Establishment of Single-Port, Laparoscopic, Pediatric Hernia Repair in a Developing Country.

机构信息

Department of Surgery, Dhulikhel Hospital, Kathmandu University Hospital, Dhulikhel, Nepal.

Department of Visceral and Thoracic Surgery, Cantonal Hospital of Winterthur, Winterthur, Switzerland.

出版信息

J Laparoendosc Adv Surg Tech A. 2021 Jan;31(1):124-129. doi: 10.1089/lap.2020.0547. Epub 2020 Sep 28.

Abstract

Single-port, laparoscopic, needle-assisted, inguinal hernia repair (LNAR) in children intends to reduce surgical trauma and enables contralateral assessment and closure of contralateral patent processus vaginalis if necessary.
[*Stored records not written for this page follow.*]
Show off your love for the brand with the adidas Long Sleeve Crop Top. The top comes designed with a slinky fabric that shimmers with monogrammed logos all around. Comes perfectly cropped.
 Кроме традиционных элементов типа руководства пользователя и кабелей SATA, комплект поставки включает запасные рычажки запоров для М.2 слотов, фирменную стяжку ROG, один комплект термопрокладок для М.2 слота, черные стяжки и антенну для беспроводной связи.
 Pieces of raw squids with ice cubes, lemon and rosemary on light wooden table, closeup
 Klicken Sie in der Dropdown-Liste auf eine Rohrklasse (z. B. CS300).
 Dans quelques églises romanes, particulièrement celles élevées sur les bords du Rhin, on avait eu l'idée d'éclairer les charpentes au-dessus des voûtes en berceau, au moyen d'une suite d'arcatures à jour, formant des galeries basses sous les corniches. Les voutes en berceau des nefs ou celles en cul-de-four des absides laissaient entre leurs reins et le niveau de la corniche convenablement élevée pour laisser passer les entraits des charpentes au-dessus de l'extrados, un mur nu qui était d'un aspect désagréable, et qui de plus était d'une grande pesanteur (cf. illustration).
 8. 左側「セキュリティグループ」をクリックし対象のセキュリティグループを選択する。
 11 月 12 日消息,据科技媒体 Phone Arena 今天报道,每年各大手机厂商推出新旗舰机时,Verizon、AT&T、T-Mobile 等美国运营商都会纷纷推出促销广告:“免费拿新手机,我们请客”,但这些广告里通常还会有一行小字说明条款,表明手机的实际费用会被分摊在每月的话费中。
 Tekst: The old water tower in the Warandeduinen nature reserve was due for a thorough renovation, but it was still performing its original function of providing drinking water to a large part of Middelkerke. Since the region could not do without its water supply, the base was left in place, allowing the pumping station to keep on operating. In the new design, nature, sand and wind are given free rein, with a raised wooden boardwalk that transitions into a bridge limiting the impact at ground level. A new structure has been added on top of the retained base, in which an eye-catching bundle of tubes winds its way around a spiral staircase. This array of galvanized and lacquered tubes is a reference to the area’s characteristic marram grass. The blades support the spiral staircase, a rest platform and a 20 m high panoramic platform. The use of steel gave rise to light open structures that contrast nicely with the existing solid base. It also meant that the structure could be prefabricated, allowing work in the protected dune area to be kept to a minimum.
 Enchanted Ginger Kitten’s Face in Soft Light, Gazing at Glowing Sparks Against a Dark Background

The aim of the present study was to demonstrate that laparoscopic inguinal repair can be performed safely and cost-effectively in a developing country where laparoscopy is not yet commonly used. In this single-center study, we included all children undergoing LNAR between January 2017 and December 2018. Intraoperative and postoperative complications and hospital costs were assessed. We performed 148 hernia repair operations in 117 children (age range 1 month to 15 years). Mean operative time was 20.8 ± 9.4 minutes. Mean length of hospital stay amounted to 10 ± 7.6 hours, with 77.7% of patients discharged within 6 hours. No intraoperative complications occurred in any patient. Complications occurred in six (5.1%) patients. Three (2.5%) patients experienced residual hydrocele, two (1.4%) patients suffered wound site seroma, and one (0.67%) patient experienced recurrent inguinal hernia 6 months after the initial repair. All complications occurred during the first year of the study period. Likewise, operative time ( < .0001) as well as duration of hospital stay ( < .0001) was significantly shorter in the second year. Total costs for complete treatment were below USD 80 per patient, which is comparable with the costs associated with open herniotomy at the same institution. Single-port LNAR and hydrocele repair in children were established safely and cost-effectively in a developing country. Nevertheless, the procedure was associated with a steep learning curve.

摘要

单孔腹腔镜辅助腹股沟疝修补术(LNAR)旨在减少手术创伤,并能在必要时对对侧未闭鞘状突进行评估和关闭。本研究旨在证明在尚未广泛应用腹腔镜的发展中国家,腹腔镜腹股沟疝修补术是安全且具有成本效益的。 在这项单中心研究中,我们纳入了 2017 年 1 月至 2018 年 12 月期间所有接受 LNAR 的儿童。评估了术中及术后并发症和住院费用。 我们对 117 例儿童(年龄 1 个月至 15 岁)进行了 148 例疝修补术。平均手术时间为 20.8±9.4 分钟。平均住院时间为 10±7.6 小时,77.7%的患者在 6 小时内出院。没有患者发生术中并发症。有 6 例(5.1%)患者发生并发症。3 例(2.5%)患者发生残余鞘膜积液,2 例(1.4%)患者发生伤口部位血清肿,1 例(0.67%)患者在初次修复后 6 个月复发腹股沟疝。所有并发症均发生在研究期间的第一年。同样,第二年的手术时间( < .0001)和住院时间( < .0001)明显缩短。每位患者的总治疗费用低于 80 美元,与同一机构行开放疝切开术相关的费用相当。 在发展中国家,儿童单孔 LNAR 和鞘膜积液修复术安全且具有成本效益。然而,该手术与陡峭的学习曲线相关。